Splunk Enterprise: Install on splunkserver.home.loc

  1. Install rpm.
  2. [[email protected] ~]# rpm -ivh splunk-6.1.1-207789-linux-2.6-x86_64.rpm
    
  3. Do not change the default install directory. If you do, you will run into issues with upgrades later on.
  4. Note that user-account/group 'splunk' was created by the splunk installer. And you want to run Splunk Enterprise as user 'splunk', not root.
  5. Switch from root to user 'splunk' by running:
  6. [[email protected] ~]# sudo su splunk
    [[email protected] ~]$ cd
    
  7. As user 'splunk', start Splunk Enterprise for the first time.
  8. [[email protected] ~]$ /opt/splunk/bin/splunk start --accept-license
    
  9. you will see something like this scroll by quickly.
  10. [[email protected] ~]$
    This appears to be your first time running this version of Splunk.
    ...
    The Splunk web interface is at http://splunkserver:8000
    
  11. Next configure the Splunk Enterprise (aka splunk) to start automatically upon reboot.

Splunk Enterprise: Set service to start automatically upon reboot

  1. As root, set Splunk Enterprise to auto start upon reboot using user 'splunk'.
  2. First switch from user 'splunk' back to 'root'. Next as root, run following command
  3. [[email protected] ~]$ exit
    exit
    [[email protected] ~]# /opt/splunk/bin/splunk enable boot-start -user splunk
    Init script installed at /etc/init.d/splunk.
    Init script is configured to run at boot.
    
  4. Now you can use 'service' and 'chkconfig' command to view status, stop/start/restart 'splunk' service.
  5. [[email protected] ~]# service splunk status
    Splunk status:
    splunkd is running (PID: 1816).
    splunk helpers are running (PIDs: 1817 1849).
    splunkweb is running (PID: 1871).
     
    [[email protected] ~]# service splunk restart
    ...
     
     
    [[email protected] ~]# chkconfig --list splunk
    splunk          0:off   1:off   2:on    3:on    4:on    5:on    6:off
    

Splunk Enterprise: Initial login into web interface

  1. Go to http://splunkserver:8000
  2. The webpage conveniently shows the default login/password (admin/changeme) you can use to log in for the first time.
  3. Log in and you will be immediately asked to change the default password.
  4. Change the password of 'admin'.
  5. Under Settings | Licensing, the server is currently using license from the Trial license group.
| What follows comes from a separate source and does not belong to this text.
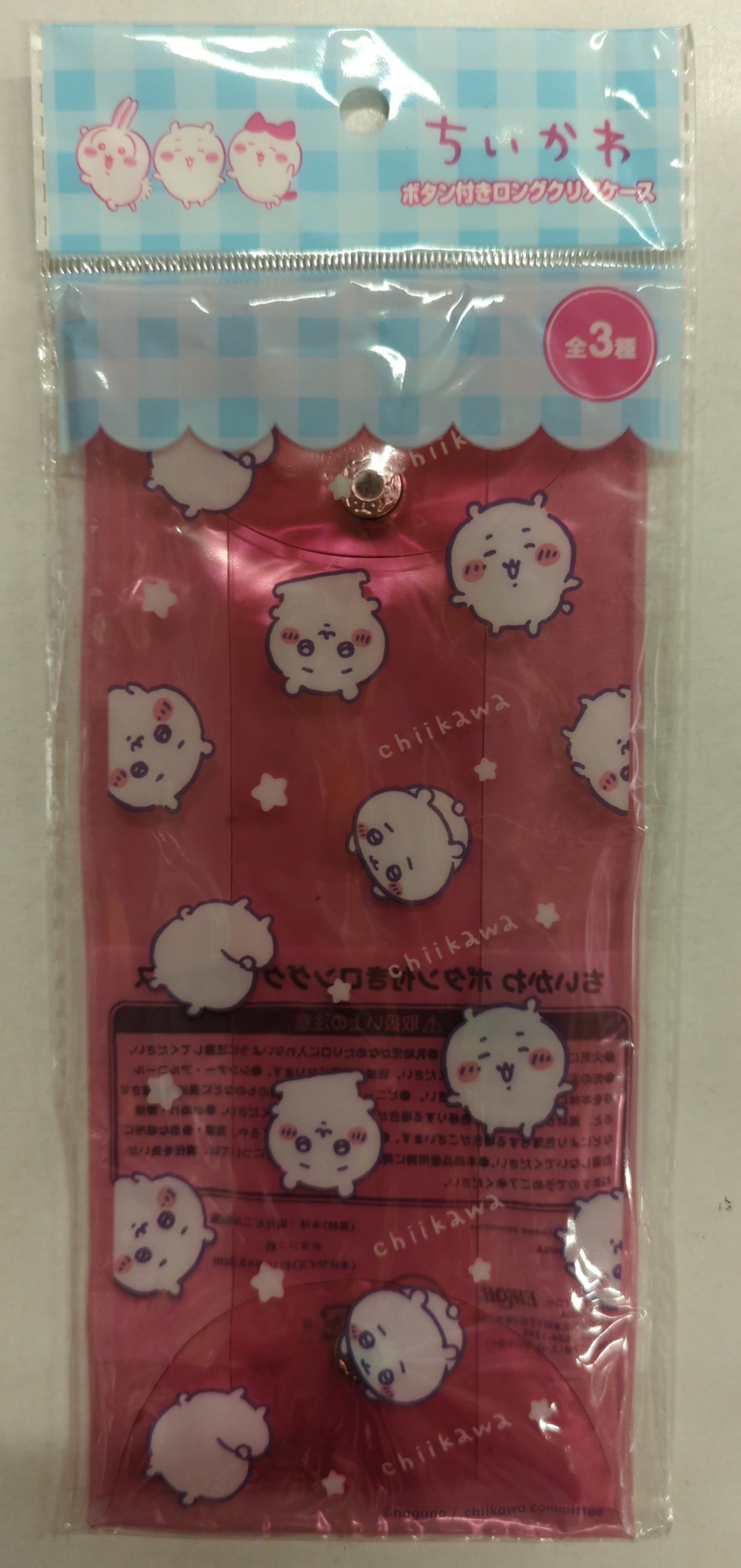 h145【新品・未使用品】ちいかわ ボタン付きロングクリアケース・chiikawa(ピンク) ハチワレ スケルトン キャラクターグッズ 小物入れ ペンケース 文具 赤 桃色 動物柄 エイコー キャラクター グッズ イヤホン 薬 リップ 化粧品入れ 通勤 通学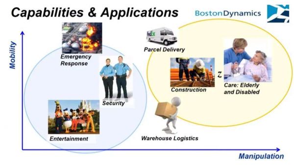 2018 年,Raibert 在 CeBIT 会议上提出了对自家机器人产品的落地愿景。以操纵性(manipulation)为横轴,移动性(Mobility)为竖轴,Raibert 认为娱乐功能、应急响应、安保是波士顿动力短期内从操纵性和移动性两点考虑可以聚焦的应用场景,仓储物流、配送以及工程建设、看护服务则是着眼于中期和长期的目标。可见,承载 Raibert 最大希冀的四足机器人也才刚刚起步。

By clicking on 'Change license group', you can convert to 'Free license'. I will do that eventually but for now I will use 'Enterprise Trial license'.

Splunk Enterprise: Configure to accept incoming logs from other CentOS computers

  1. In Splunk Enterprise web interface http://splunkserver:8000, configure the Splunk Enterprise to accept incoming logs.
  2. Go to Settings | Forwarding and receiving. I'm picking 'Forwarding and receiving' because I will be using splunkforwarder to forward logs from all my Linux computers.
  3. Click on 'Configure receiving'.
  4. Click on New.
  5. Type in a port # to use, in this example 9997.
  6. Click on Save.
  7. Now splunkserver is ready to receive logs forwarded by a splunkforwarder.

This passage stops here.